Pictures of Calcined Anthracite
- Q: Are carbon fibers organic polymer materials?
- The fiber spacing is similar to artificial graphite and turbostratic carbon fiber.[5] levels between about 3.39 to 3.42A, the parallel plane between each carbon atom, as well as regular arrangement of graphite, and the layers are connected together by van Edward.Therefore, carbon fiber is an inorganic high polymer fiber with carbon content higher than 90%
- Q: What are the effects of carbon emissions on the stability of ice shelves?
- Carbon emissions have significant effects on the stability of ice shelves.
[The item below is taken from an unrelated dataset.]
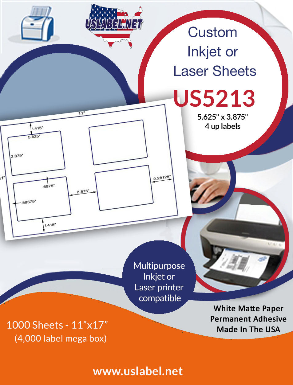 The US5213-4 up-5.625"x3.875" label on a 11'' x 17'' sheet. is made in America and we hope this item is what you're looking for.

As carbon dioxide (CO2) and other greenhouse gases are released into the atmosphere, they trap heat and contribute to global warming. This increased global temperature leads to the melting of ice shelves and glaciers. One of the primary effects of carbon emissions on ice shelves is the acceleration of their melting rates. Higher atmospheric temperatures cause more ice to melt, which in turn increases the amount of water flowing into the ocean. This added influx of freshwater can disrupt the delicate balance between the ice shelf and the ocean, potentially leading to ice shelf collapse. Additionally, carbon emissions contribute to the thinning of ice shelves. As the atmosphere warms, the air temperature above the ice shelves rises, leading to increased surface melting. This meltwater then flows into crevasses and cracks, causing further fracturing and weakening of the ice shelves. Over time, this thinning can make the ice shelves more susceptible to breaking apart. The melting of ice shelves due to carbon emissions also has indirect effects on the stability of surrounding ice sheets. Ice shelves act as a buttress, providing resistance to the flow of ice from the glaciers into the ocean. When ice shelves collapse or thin, this resistance is diminished, allowing glaciers to flow more freely into the ocean. This process leads to increased sea level rise, which has significant implications for coastal regions around the world. Furthermore, the loss of ice shelves can disrupt the ecosystem and biodiversity of the surrounding areas. Ice shelves provide a platform for various species, including seals and penguins, to breed and feed. When ice shelves disintegrate, these habitats are destroyed, impacting the entire food chain and ecosystem dynamics. Overall, carbon emissions from human activities have profound effects on the stability of ice shelves. The melting, thinning, and collapse of ice shelves contribute to rising sea levels, disrupt ecosystems, and have far-reaching consequences for coastal communities. It is crucial to mitigate carbon emissions and take proactive measures to protect these vulnerable ice shelves and the delicate balance they maintain in our global climate system.
- Q: What are the long-term effects of increased carbon emissions on ecosystems?
- Increased carbon emissions have significant long-term effects on ecosystems. One major consequence is the disruption of the Earth's climate system, leading to more frequent and intense extreme weather events such as hurricanes, droughts, and heatwaves. This can result in habitat destruction, loss of biodiversity, and increased vulnerability of species to extinction. Furthermore, elevated carbon dioxide levels in the atmosphere can contribute to ocean acidification, which harms marine ecosystems and disrupts the delicate balance of marine life. Overall, the long-term effects of increased carbon emissions on ecosystems are detrimental and pose a grave threat to the health and stability of our planet's natural systems.
- Q: What are the properties of activated carbon?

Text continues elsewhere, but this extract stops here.